Continuation maintenance

Several phase III trials of the continuation maintenance therapy strategy with non-platinum cytotoxic chemotherapy have been performed. Three studies, PARAMOUNT [17], AVAPERL [18], and Point Break [19], investigated the role of maintenance pemetrexed in non-squamous histology, while gemcitabine as continuation maintenance therapy has also been investigated in three studies. Amongst these, only the continuation of pemetrexed alone in PARAMOUNT has demonstrated improved overall survival.

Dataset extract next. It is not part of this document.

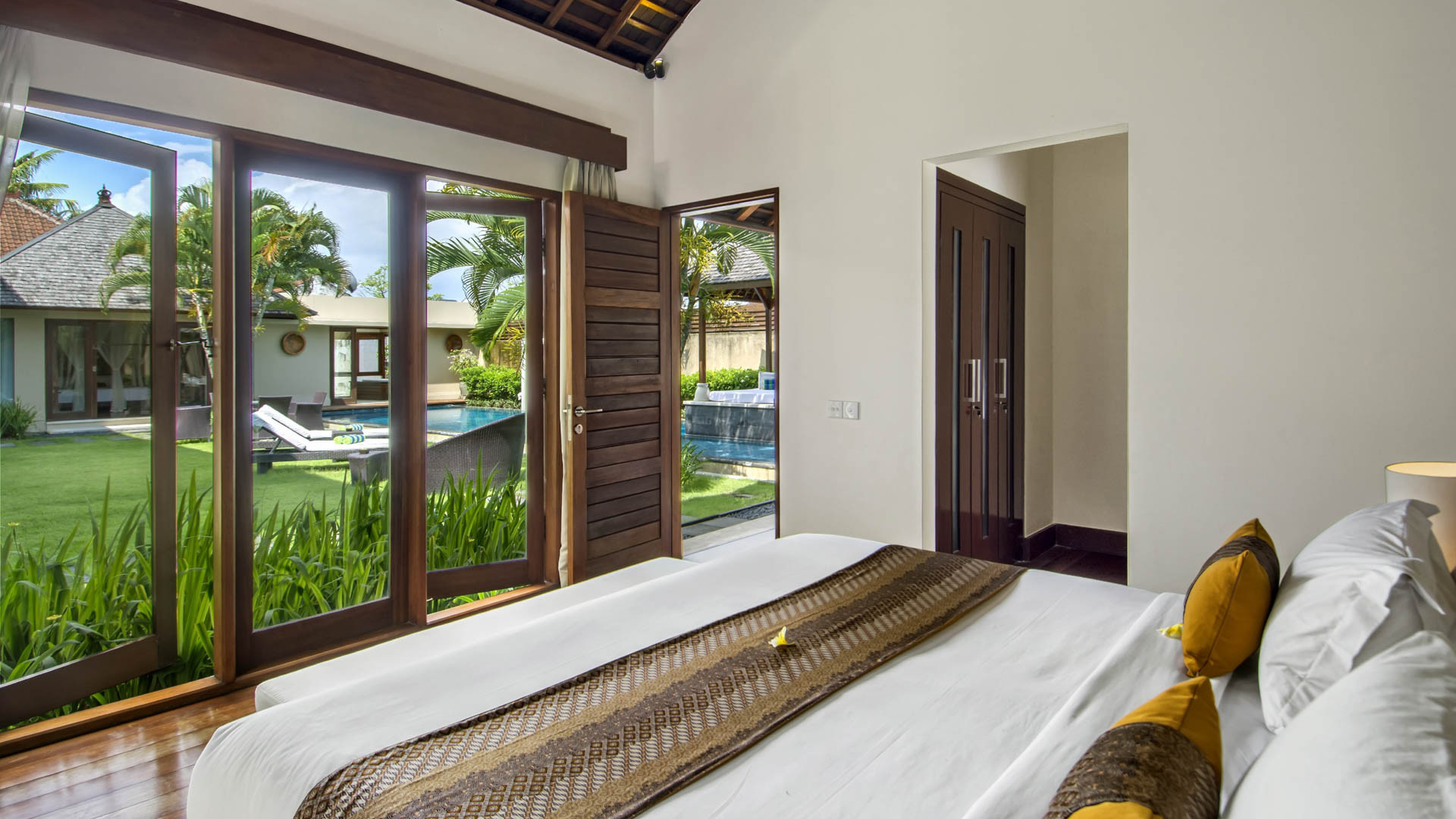 Mii Estate memiliki total 8 suite vila mewah, 5 di kompleks vila Mii Besar dan 3 di Mii Tama. Semua kamar tidur dilengkapi dengan kipas langit-langit dan AC dan desain interior pedesaan dan sangat elegan. Semua kamar tidur memiliki tempat tidur king, kamar mandi en suite pribadi, lemari pakaian yang luas, brankas, dan TV layar datar dengan pemutar DVD. Master suite di Villa Mii Besar mengalahkan semuanya dengan ruang media pribadi yang dilengkapi dengan TV layar datar 65 inci dan kursi santai kulit serta kamar mandi bergaya spa yang cantik dengan bathtub batu dan taman seperti zen dengan air yang mengalir di dalam kolam. 2 kamar tidur adalah area liburan mewah yang dirancang untuk keluarga dengan anak-anak, dilengkapi dengan tempat tidur double besar dan tempat tidur twin untuk menampung hingga 4 orang. Salah satu kamar ini berada di belakang Villa Mii Besar dan yang lainnya berada di lantai pertama Villa Mii Tama, menyatu dengan teras dengan pemandangan sekitar yang indah. Di kamar mana pun Anda menginap, Anda berhak untuk puas.

In the PARAMOUNT [17,20] trial, patients with advanced non-squamous NSCLC received four cycles of cisplatin-pemetrexed induction therapy, followed by randomization to continuation of pemetrexed versus placebo if disease did not progress. With continuation of pemetrexed, median PFS was improved (4.1 vs. 2.8 months, p < 0.0001), and there was a 22% reduction in the risk of death (median 13.9 vs. 11.0 months, p = 0.0195). Between the two groups, there was no difference in quality of life. Grade 3/4 adverse events were more frequent in the group receiving maintenance pemetrexed, with 4% of patients experiencing each of grade 3/4 anemia, neutropenia, and fatigue. In the AVAPERL [18,21] and Point Break [19] trials, bevacizumab was continued beyond induction chemotherapy with or without pemetrexed. While these trials do not give insight as to whether the continuation of bevacizumab as maintenance therapy improves outcomes, they did demonstrate that the addition of pemetrexed to maintenance bevacizumab resulted in improved PFS but not OS.

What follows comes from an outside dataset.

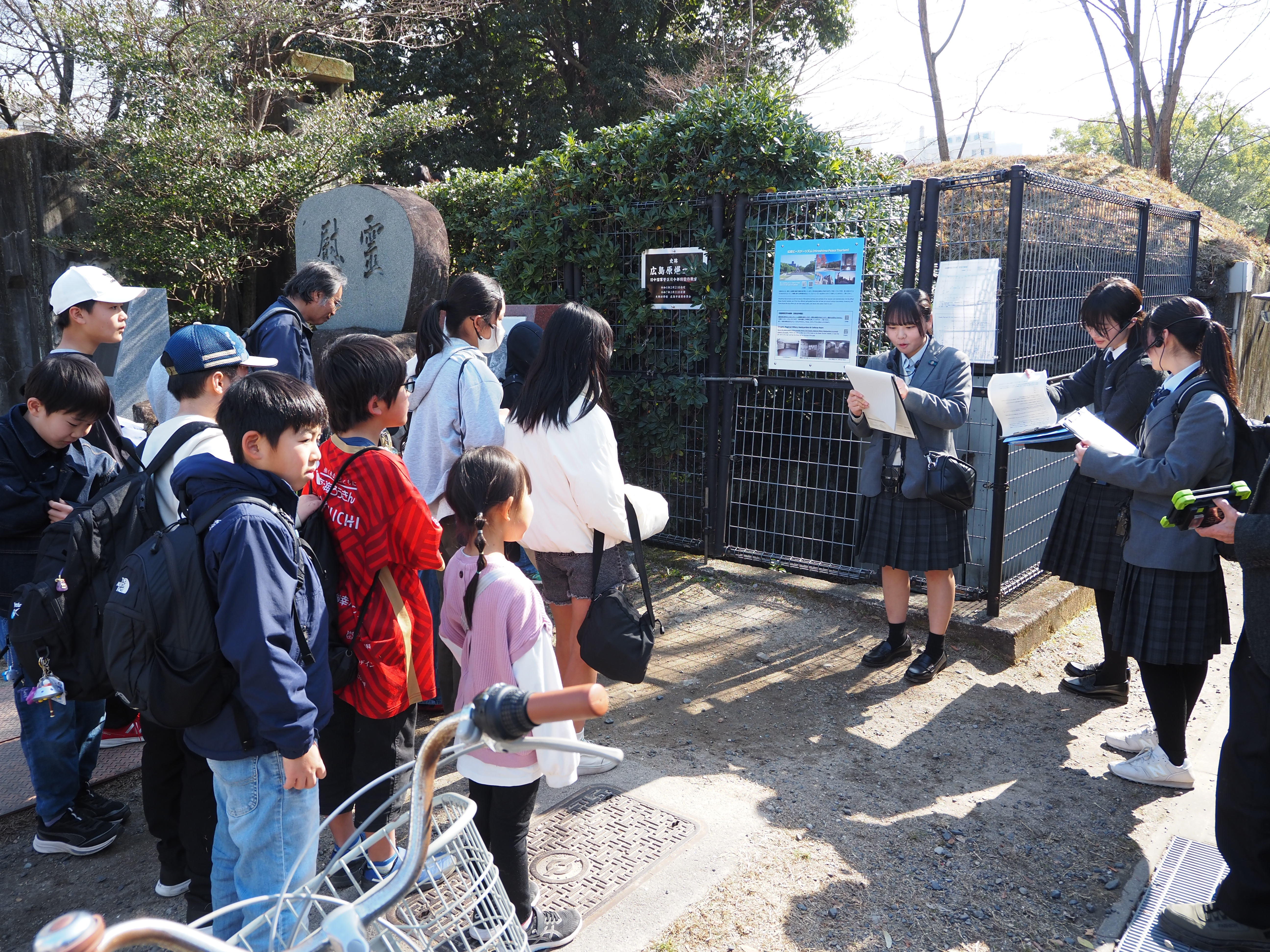 集まったのは広島城のすぐ南側にある護国神社前、ガイド役は市商の生徒さんが17名、ガイドしてもらう子どもたちは広島市安佐南区学区の小学生の子どもたち75名、そして先生や保護者の方たちです。

In the Perol study described above [16], patients who received maintenance gemcitabine had significantly improved PFS (3.8 vs. 1.9 months, p < 0.001), and non-significantly improved OS (13.0 vs. 11.0 months, p = 0.195) as compared to patients in the observation group. In a subgroup analysis, it appeared that maintenance gemcitabine may provide OS benefit to patients in whom induction chemotherapy resulted in objective response (15.2 vs. 10.8 months) (Table 2).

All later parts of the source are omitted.